A Alemanha é um país rico, organizado, onde quase tudo funciona. O alemão pode se dar ao luxo de canalizar suas energias para um time de futebol. Mas o que dizer de nós, brasileiros, que ainda não aprendemos a brigar pela educação de qualidade? Pela saúde e segurança? Há tanto a se fazer, que não consigo ver com olhos alienados toda a energia que o brasileiro despende ao futebol.
Não sou contra o futebol e nem contra uma copa do mundo, mas a Alemanha me ensinou muito sobre o que faz um bom país: prioridades! Um povo deve saber escolher as suas e lutar por elas.

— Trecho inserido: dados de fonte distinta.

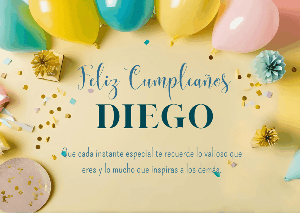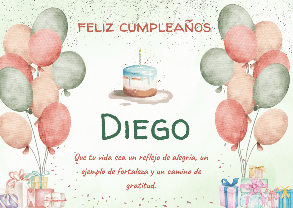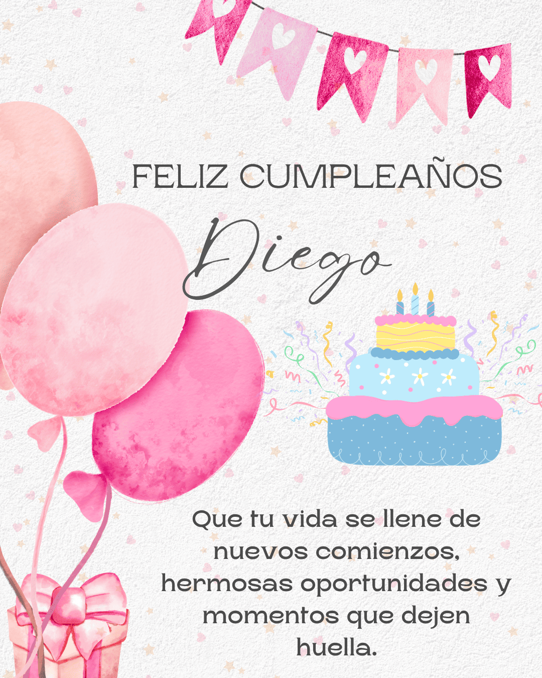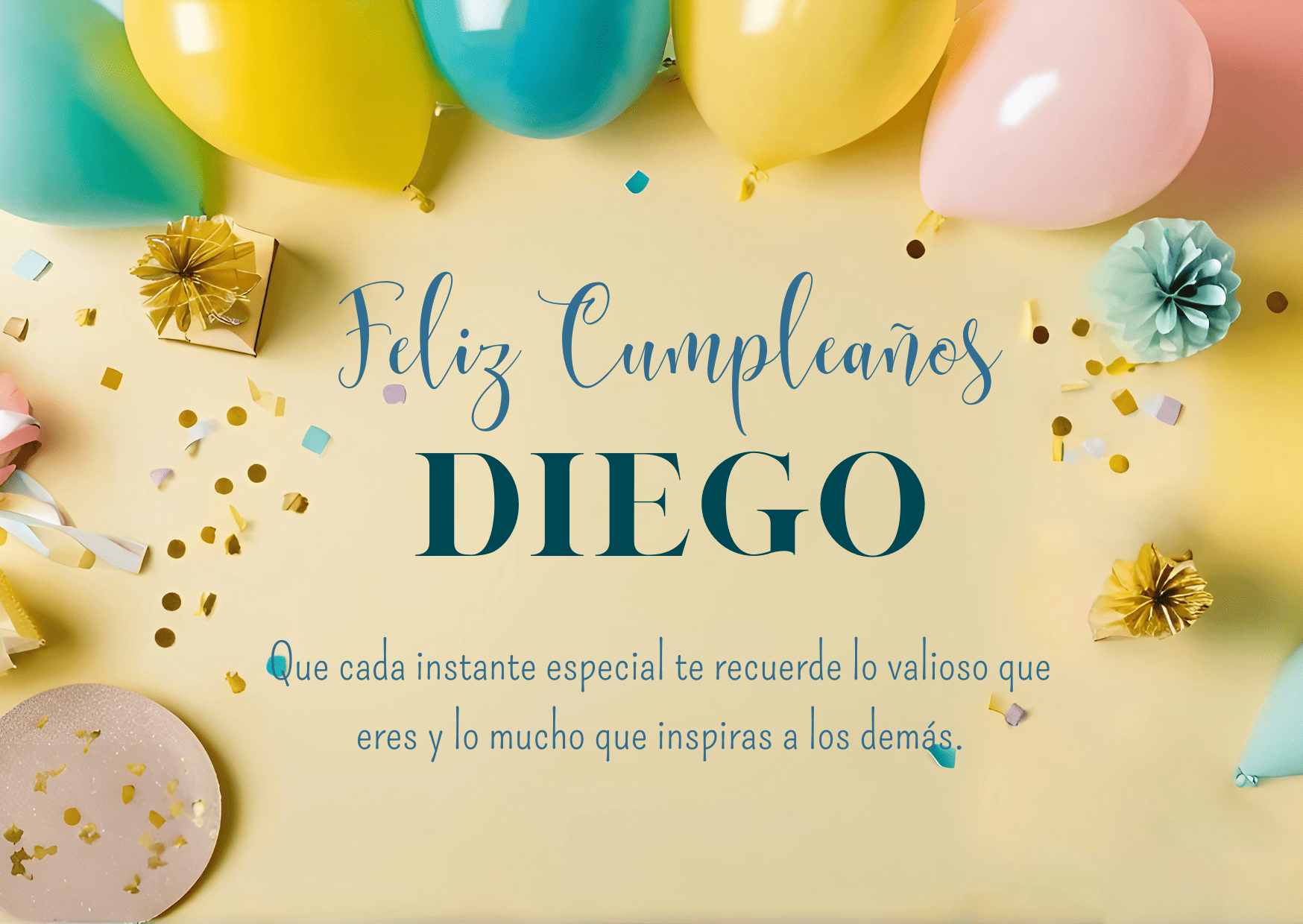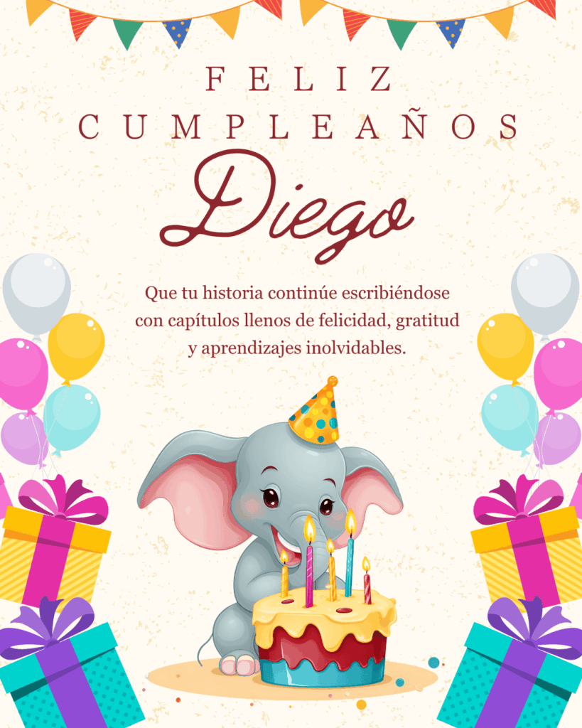Feliz cumpleaños Diego. Cada año trae nuevas oportunidades para soñar, crecer y disfrutar de la vida. Que este sea uno lleno de amor, risas y momentos que valgan la pena recordar.

A Alemanha ganhou a Copa 2014 e admito que fiquei feliz. A seleção é quase a mesma desde 2006. Amei o filme: “Alemanha, um conto de verão”, documentário real da seleção alemã durante os bastidores da Copa 2006. Chega a ser surpreendente as diferenças de comportamento. Não há como não torcer por eles. Simplicidade, inteligência e muita, muita disciplina.
Para quem não sabe, fica aqui um importante registro: “O circo teve sua origem em Roma, há mais de 200 anos antes de Cristo. Naquela época, o circo fornecia à população o divertimento necessário para que não houvesse atos revolucionários.” (Política do pão e circo).
A diversão foi criada para distrair o povo de suas escassezes e evitar sua rebelião contra os governantes. O papel do futebol em nossa sociedade hoje não difere muito disso. Mas o errado não é o futebol. E nem o circo. Errado é realmente se esquecer do resto, se permitindo a manipulação. Se distrair a tal ponto de deixar o próprio país de lado, o que significa o seu próprio bem estar.
Antes do desejo de se vencer uma copa, deve existir o desejo de se vencer na vida, no próprio país! Depois a gente vai ao circo!
2 Comments
Amei Carolina seu texto, futebol deveria ser hobby, mas se tornou prioridade. Nosso caminho a civilização é muito longo..não sei se chegaremos lá.
obrigada Elizabeth!!!!!!!!!!!!! estamos em transição, sempre rumo a evolução. a nivel individual ou social, sempre nos custam algumas dores…. mas certo que um dia chegaremos la. um beijo e bem vinda sempre!